Do you think that this kind of attitude is a help to the people who sincerely wish to see the custom change, and are working to do so? It does not. In fact, it makes the work of the brave women, many of whom have dedicated much of their lives to the goal of having as many girls as possible have a tweaked ritual that does not involve cutting even more difficult than it already is!

On the one hand, the message is, that they are being encouraged by their own tribeswomen to choose a ritual that is tweaked to omit cutting, to keep intact the culture and the tradition, but to spare the girl the pain, and if they say, I don’t think I am ready to go that far, but I have thought about the pain, and I would rather have it done in a hospital, the message from the west is, no, your daughter must suffer pain because you refuse to obey us.

So I would ask those westerners to please, look into your hearts and ask if your true goal is to see the custom changed, or to impose your will on people you consider inferior.
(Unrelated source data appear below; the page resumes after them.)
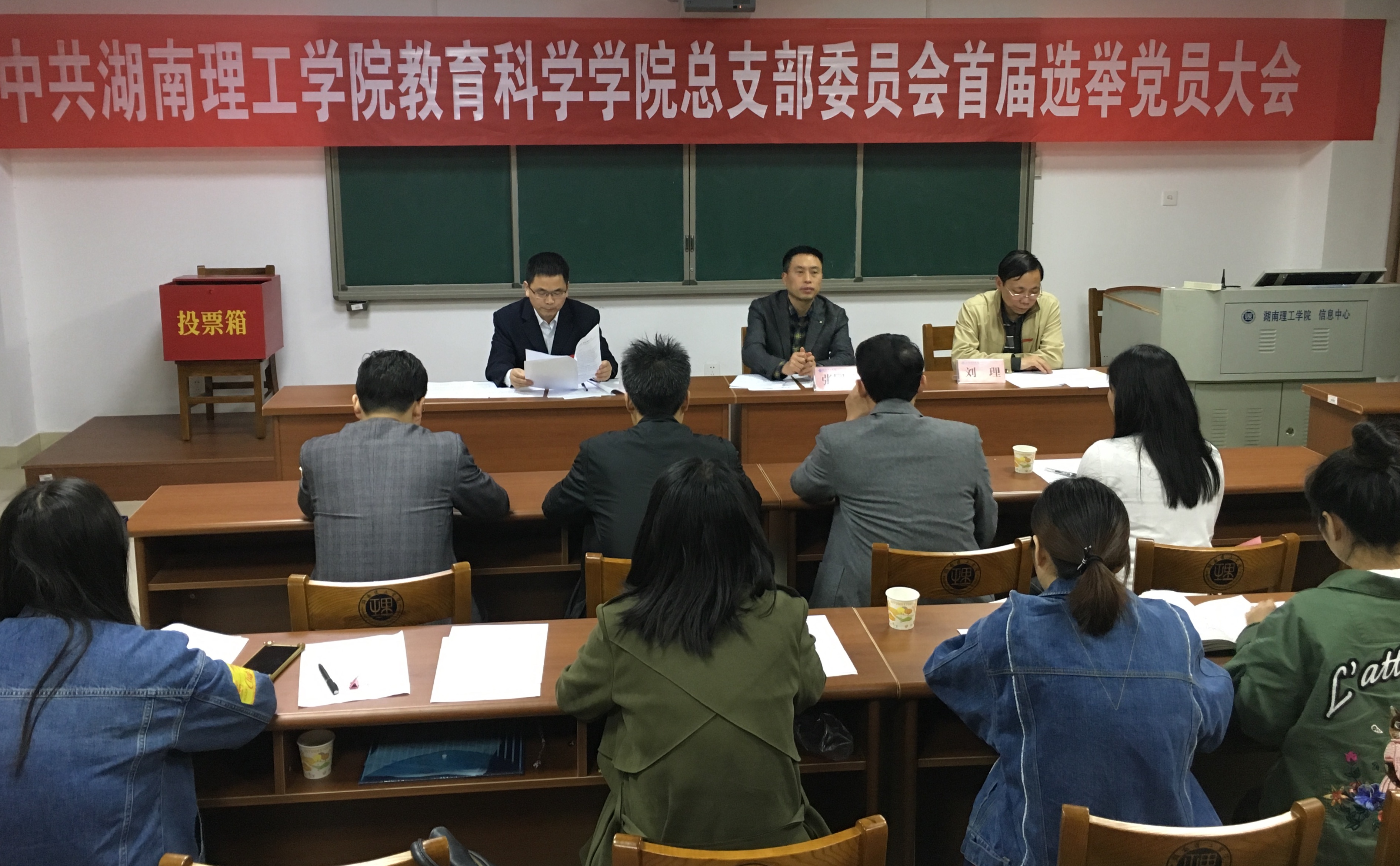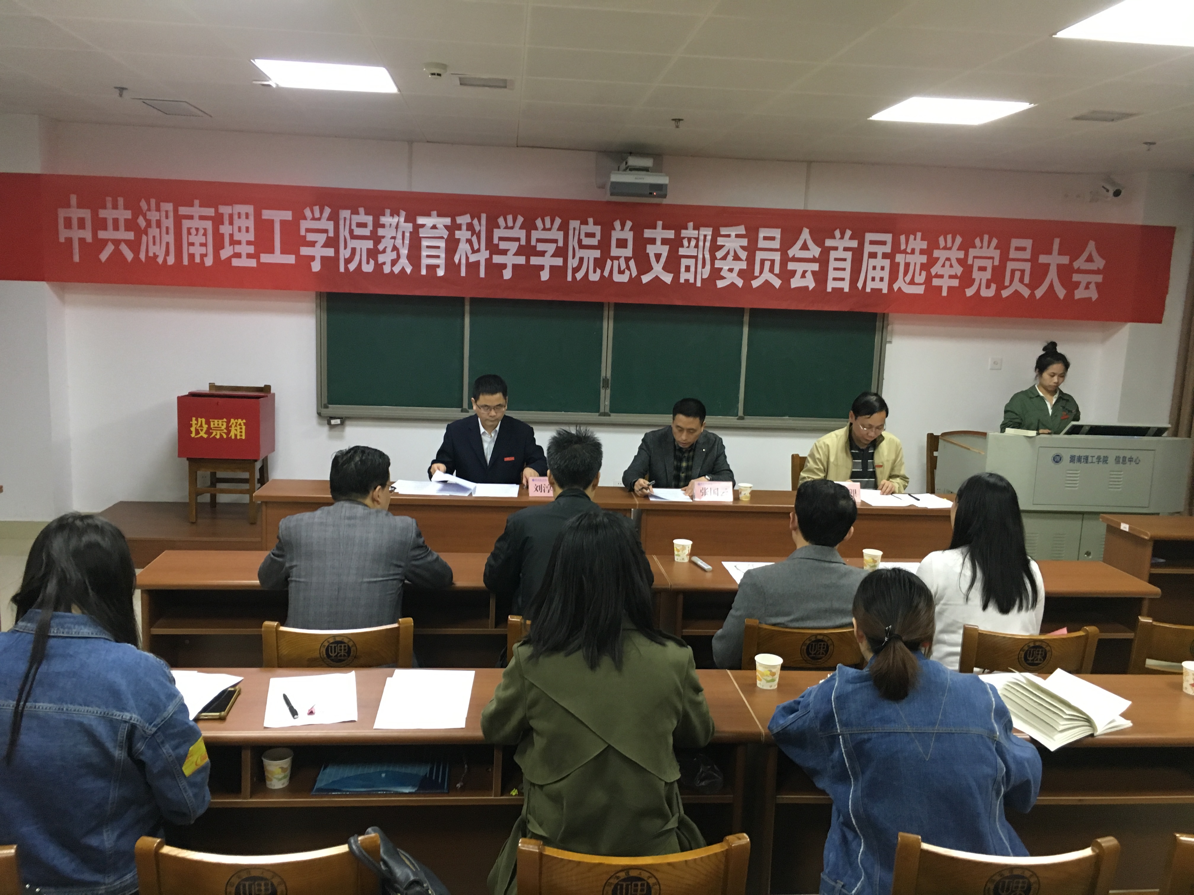 大会在庄严的国歌声中拉开帷幕。党总支书记刘淳松作大会筹备工作报告。他在报告中指出,本年度国务院学位办、国家教指委将对学校教育硕士专业学位授权点办学情况进行专项评估,迎评工作是本年度学院工作的中心。学院党总支将“围绕中心抓党建,促进事业上台”确定为学院总支首届选举党员大会的主题。随后,主持人刘理宣读校党委《关于同意教育科学学院党总支首届选举的批复》。严格按照选举程序和选举工作的各项要求,大会选举刘淳松、刘理、洪冬美三名同志为教育科学学院首届总支委员会委员。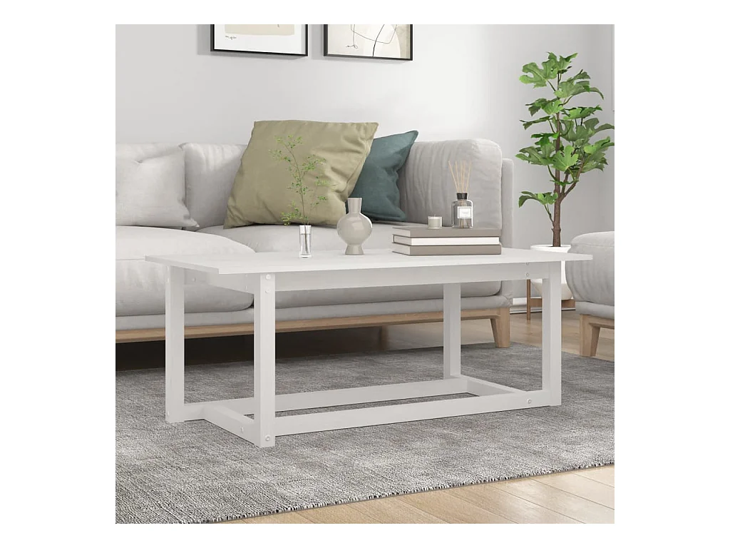 Tavolino Gold Bianco 110x55x45 cm Legno di pino massiccio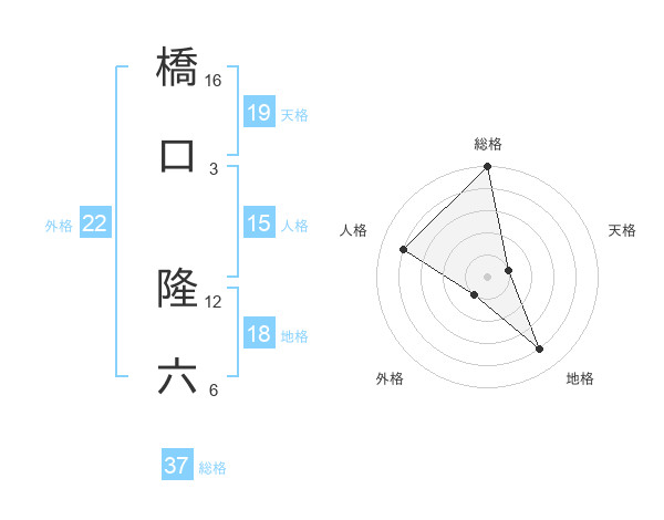 橋口 隆六さんを姓名の画数から五運を鑑定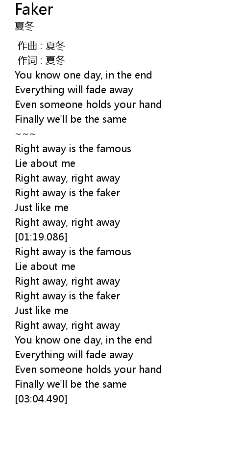 | [02:12.584] | Right away is the faker |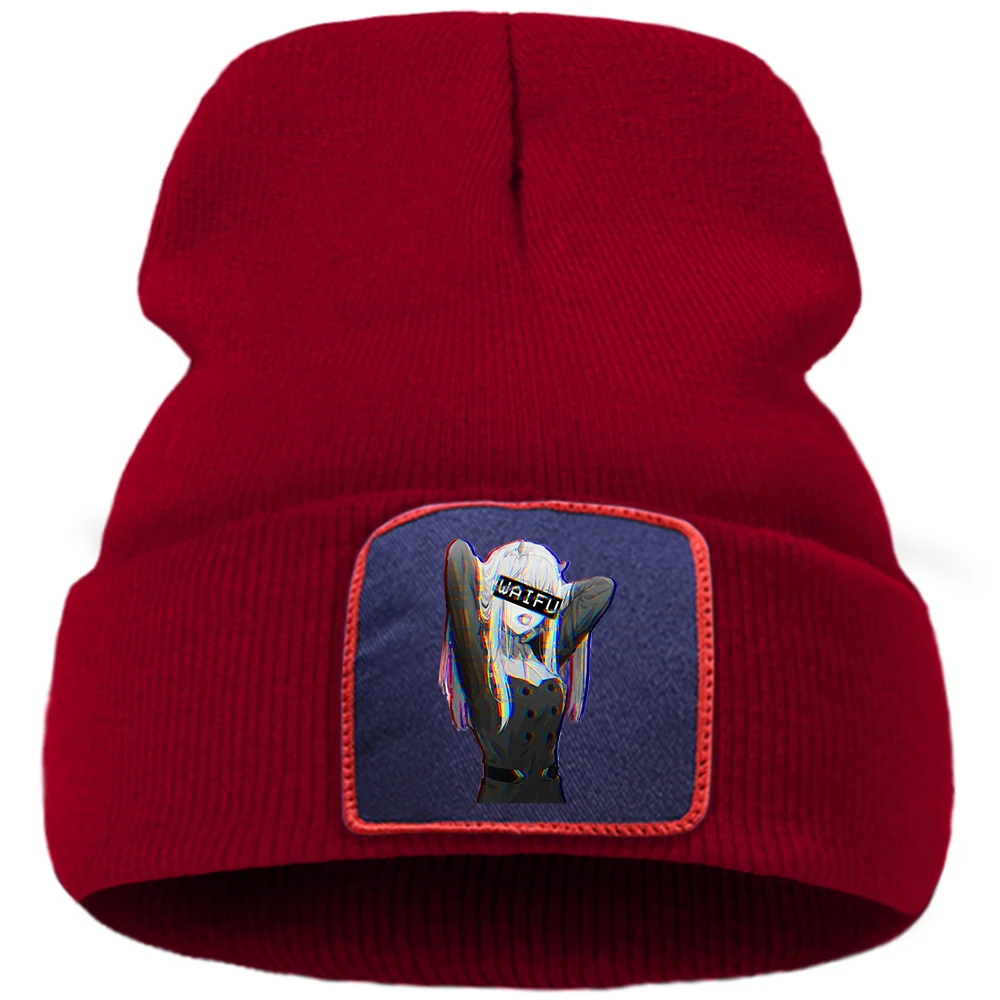 Шапка Zero Two с принтом унисекс, модная зимняя теплая вязаная шапка в стиле аниме, в стиле хип-хоп, однотонная простая шапка для мальчиков

And if it is the latter, I would beg you to at least try not to make more difficult the work of those who have the former view. They are just little girls.

Note: I have not yet finalized a decision regarding my participation here. However I feel that this particular issue is ill-understood and it is possible that people may not intend to be making the problem worse and maybe just as there are efforts to encourage women to choose the tweaked ritual for their daughters, maybe some westerners can be persuaded to choose a different outlet to express their feeling of cultural superiority.